No sé si los señores que examinaron el archivo de la policía después del cambio de régimen pudieron descifrar las siguientes cantidades del fondo secreto:

«B: 40 c; F: 50 c; L: 80 c.», etc. Pero si pensaron que B, F, L, eran las iniciales de los hombres que vendieron la nación checa al águila negro–amarilla por 40, 50, 80 coronas, etc., seguro que se equivocaron.

B, significa San Bernardo; F, Fox Terrier; L, Leonberger.

Bretschneider llevó a la jefatura de Policía todos esos perros de Schwejk. Eran unos monstruos repugnantes que no tenían nada que ver con aquella pura raza por la que Schwejk pretendió hacerlos pasar frente a Bretschneider.

El San Bernardo era un cruce de perro de aguas, no de pura raza, y de un bastardo. El Fox Terrier tenía las orejas de perro pachón, tamaño de mastín y las piernas torcidas, como si hubiera sufrido raquitismo. La cabeza del Leonberger recordaba al peludo hocico de un perro faldero, tenía la cola cortada, era alto como un pachón y tenía calvas nalgas como los famosos perritos desnudos americanos.

Una vez fue el detective Kalous a comprar un perro y volvió con una bestia sobresaltada que recordaba una hiena manchada con la melena de perro de pastor escocés. Y al final de la suma del fondo secreto apareció el siguiente dato: D: 90 c.

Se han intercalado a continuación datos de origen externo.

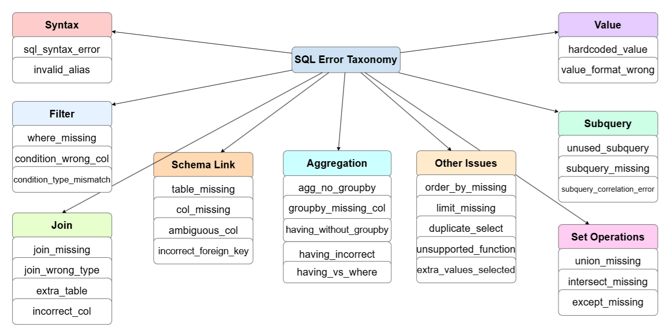Correction Plan Agent: 如果 SQL Code 的執行過程中有 Error 產生,則透過此 Agent 來產生如何修正 SQL 的計畫。值得注意的是,本篇論文特別強調,在這個 Agent 的 Prompt 中不只要要求 LLM 透過 Chain of Thought 的方式來產生修正計畫,還提供 SQL Error Taxonomy,進一步提升此 Agent 的表現。SQL Error Taxonomy 其實就是 SQL Code 中可能出現的 Error 種類,如下圖所示: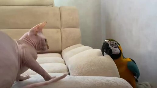 Кот сфинкс и Говорящий попугай Ара играют в прятки. Кот сфинкс не боится грозный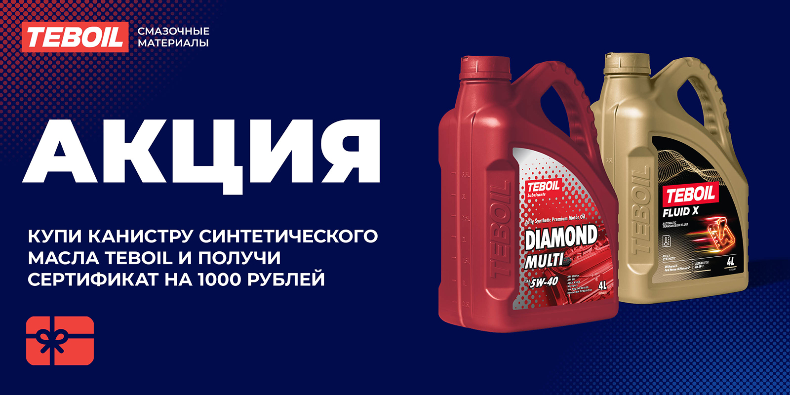 Купи канистру синтетического моторного или трансмиссионного масла TEBOIL и получи сертификат на 1000 рублей в подарок*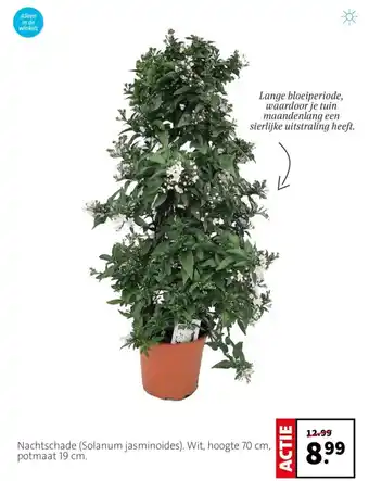 De Nachtschade (Solanum jasminoides) is een prachtige plant met witte bloemen en een hoogte van 70 cm. Deze plant heeft een lange bloeiperiode, waardoor je tuin maandenlang een sierlijke uitstraling heeft. Nu tijdelijk in de aanbieding voor slechts €8.99 in plaats van €12.99. Haal deze mooie plant nu in huis en geniet van zijn elegante uitstraling. De potmaat is 19 cm, waardoor de plant meteen een volwassen uitstraling heeft. Je kunt de Nachtschade Solanum Jasminoides zowel binnen als buiten plaatsen. Mis deze kans niet en haal deze prachtige plant vandaag nog in huis. Deze aanbieding is alleen geldig in de winkels, dus wees er snel bij!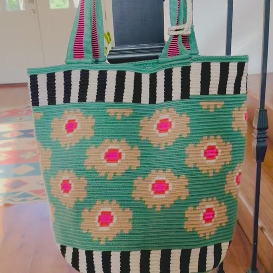Add a touch of artisanal beauty to your look with this stunning oversized Wayuu bag, handwoven by Wayuu artisans in Colombia. Featuring a vibrant green base, delicate pink and beige floral patterns, and bold black stripes along the top and bottom, this one-of-a-kind tote blends tradition with boho chic elegance.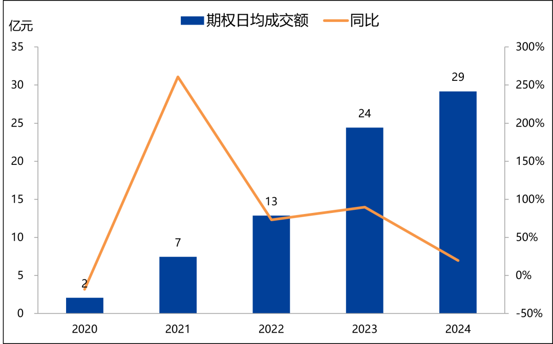 2024上半年活跃商品期权的日均成交额为29亿元,同比增长20%,增速达到2020年以来最低。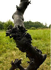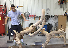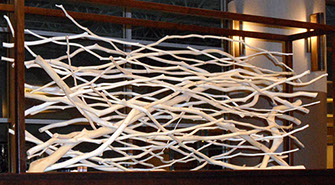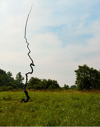 With the exception of Beech Float, all of the pieces are constructed from apple limbs, which were harvested, dried, joined, and shaped. The original forms of the limbs were the result of pruning, as well as each tree’s responses to wind, weight, and light. In the assemblies, these innate characteristics are used for sculpturally expressive and evocative purposes. Some, like Straight Line to Heaven were coated with the industrial material commonly known as “truck bed liner”. In addition to providing color and texture, the coating makes the pieces weather proof. The piece Small Worlds won 1st place Sculpture in The Art of the State exhibit at the PA State Museum in 2010.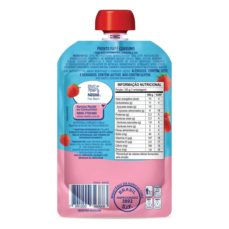 Nestlé Chambinho® Pouch sabor morango com 100G é a escolha perfeita para mães que buscam praticidade e sabor em um único produto na hora de alimentar seus pequenos. Com uma embalagem divertida para a lancheira das crianças, o famoso Chambinho® vem em um formato prático que permite o produto ficar até 6h fora da geladeira, não podendo ser refrigerado novamente. Nestlé Chambinho® Pouch é fonte de nutrientes essenciais para o crescimento dos pequenos. É fonte de cálcio, zinco e vitaminas A e D, portanto você pode contribuir que seus filhos estejam recebendo alguns dos nutrientes necessários para o desenvolvimento de ossos fortes e sistema imunológico. Experimente o Nestlé Chambinho® Pouch e descubra como a praticidade, o sabor e a nutrição podem caminhar juntos em um único produto. Opte por essa escolha para a alimentação de seus filhos e proporcione-lhes uma experiência de sabor inesquecível!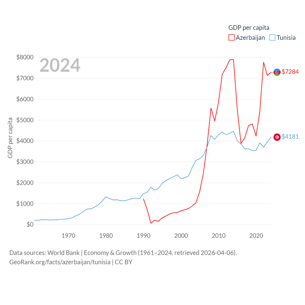 By GDP, Azerbaijan ranks 84/197 ($74.3B) and Tunisia ranks 93/197 ($51.3B). By GDP per capita, Azerbaijan ranks 101/197 ($7,284), while Tunisia ranks 129/197 ($4,181).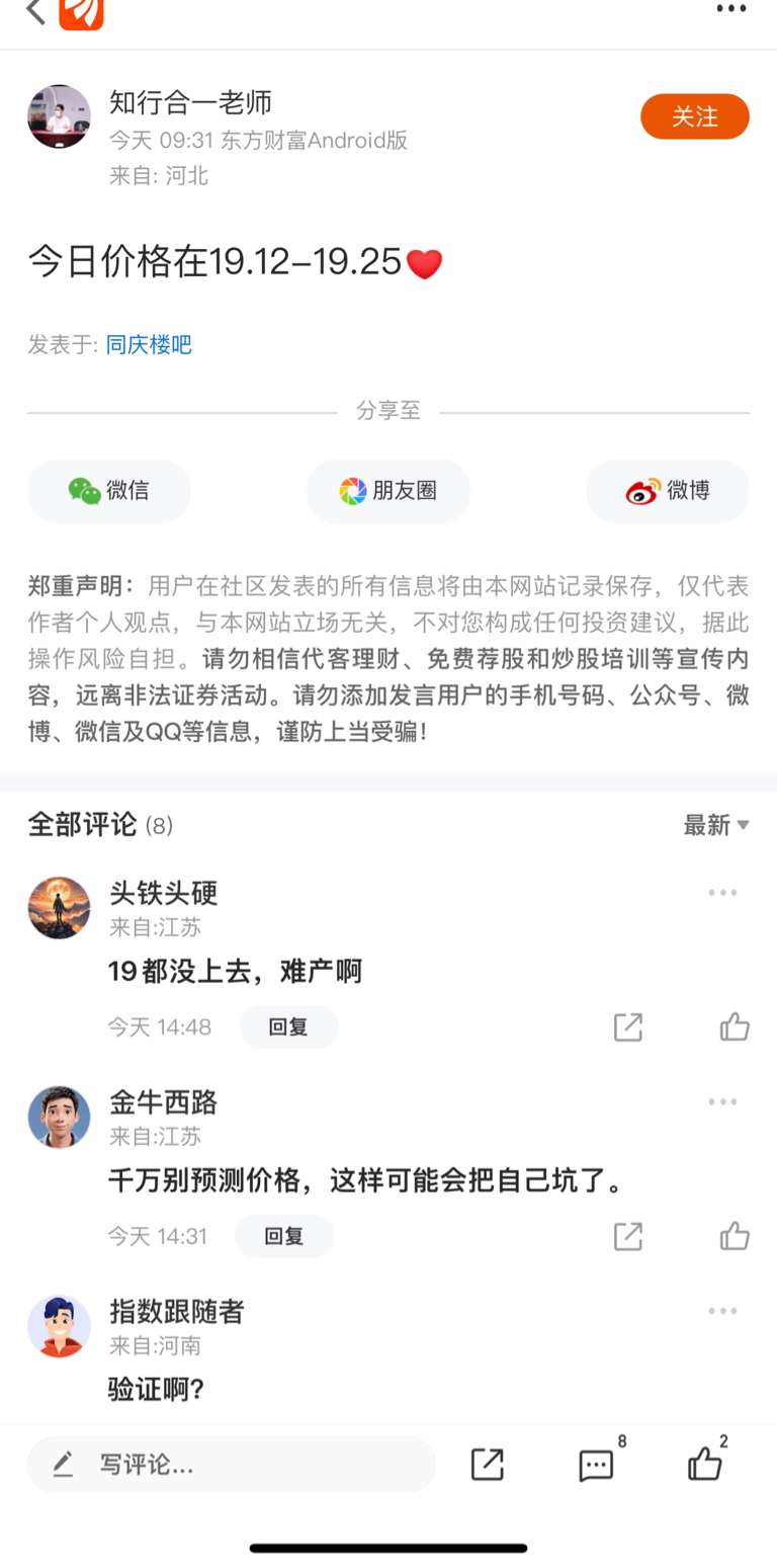 温馨提示: 1.根据《证券法》规定,禁止编造、传播虚假信息或者误导性信息,扰乱证券市场;2.用户在本社区发表的所有资料、言论等仅代表个人观点,与本网站立场无关,不对您构成任何投资建议。用户应基于自己的独立判断,自行决定证券投资并承担相应风险。《东方财富社区管理规定》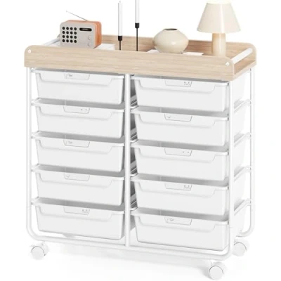 10 Drawers Rolling Cart with Wooden Tabletop, Utility Storage Wheels, Art Supply Craft Organizer on Wheel Metal Frame & Handles for Home Office School (White)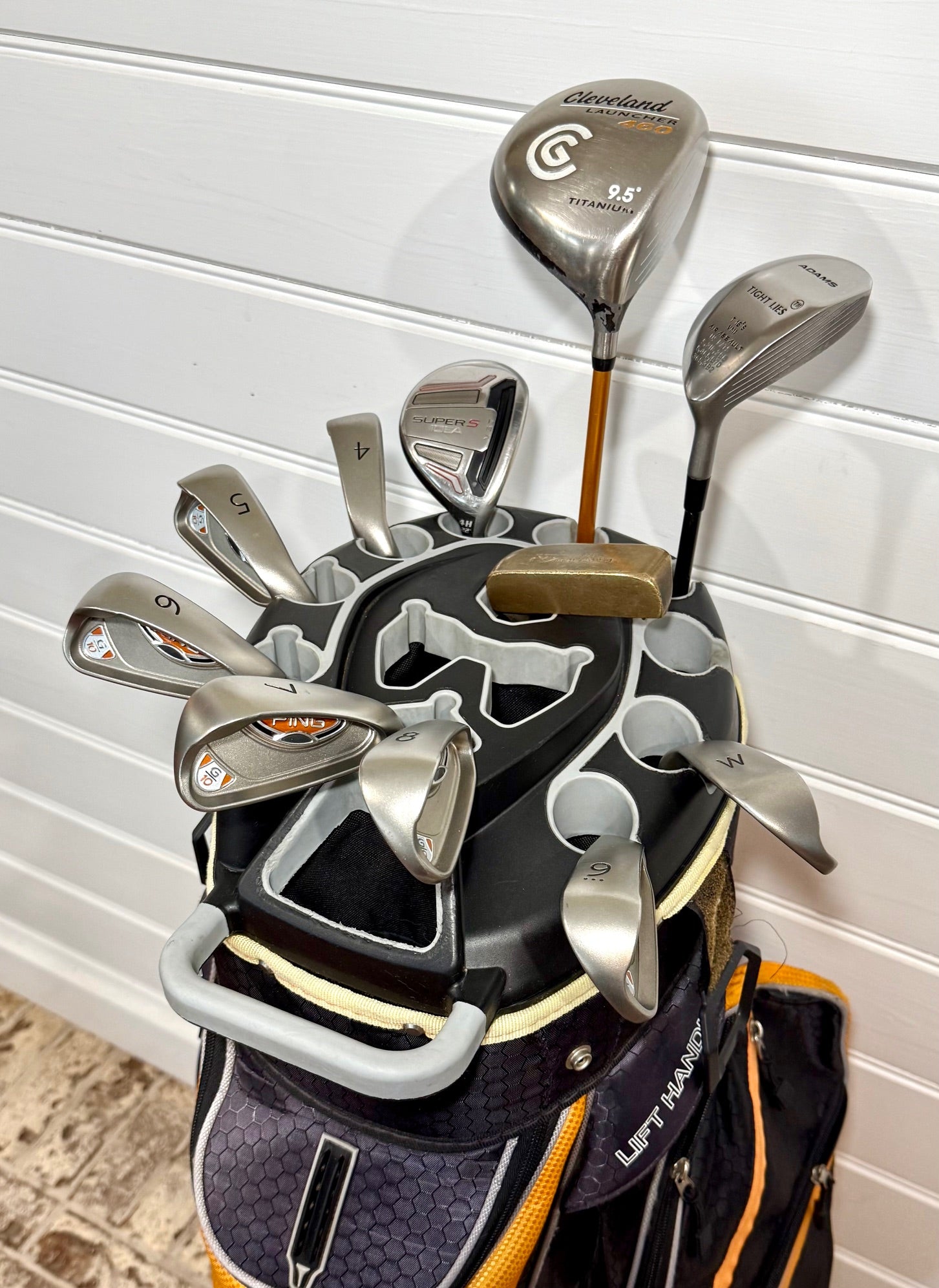 This is a Full Set of Right-Handed, Standard-Length Golf Clubs with a Bag and ready to Play Today. The Irons are PING G10 Black Dot Clubs 4-PW with PING AWT R-Flex steel shafts and PING Grips. All in Excellent Condition. The Driver is a Cleveland Launcher 460 Titanium 9.5 degree club with a Cleveland S-Flex Graphite shaft and Lamkin Grip. The 3 wood is an Adams Tight Lies 16 degree club with an Adams R-Flex Graphite shaft and Lamkin Grip. The Hybrid is an Adams IDEA VST Super S 22 degree 4H with an Adams A-Flex Graphite shaft and Adams Grip. The woods and hybrid have NEW Club Headcovers. The Putter is a Vintage Copper Velvet Touch 700 by Matzie with a steel shaft and NEW Karma Big Softy Grip. All of this comes in a Founders Club Cart Bag with a 14-way divider and loads of storage. This is not your normal bag. A little taller with a dedicated organizer/divider to protect each club. Great Bag. This is an Excellent Set in Excellent Condition at an Excellent Price. See the pics for details and message me with any questions. Thank you. Just $395

El coloso representaba el papel de perro dogo…

Pero tampoco Kalous consiguió sacar nada de Schwejk; tuvo la misma suerte que Bretschneider. Schwejk pasaba incluso de las más hábiles conversaciones políticas a la cura de las enfermedades de los perros jóvenes, y el resultado de trampas agudamente ideadas era que Bretschneider se llevaba a casa otro monstruo de inaudito cruce.

Y éste fue el final del famoso detective Bretschneider. Cuando ya tenía en su casa siete de esos monstruos se encerró con ellos en el cuarto de atrás y no les dio de comer hasta que le devoraron a él.

Era tan noble que ahorró al tesoro público los gastos del entierro.

En la columna de ascensos de su hoja de servicios se escribieron las siguientes palabras rebosantes de tragedia: «Devorado por los propios perros».

Cuando más tarde Schwejk se enteró de este triste acontecimiento dijo:

—Lo único que quisiera saber es cómo lo recompondrán en el juicio final.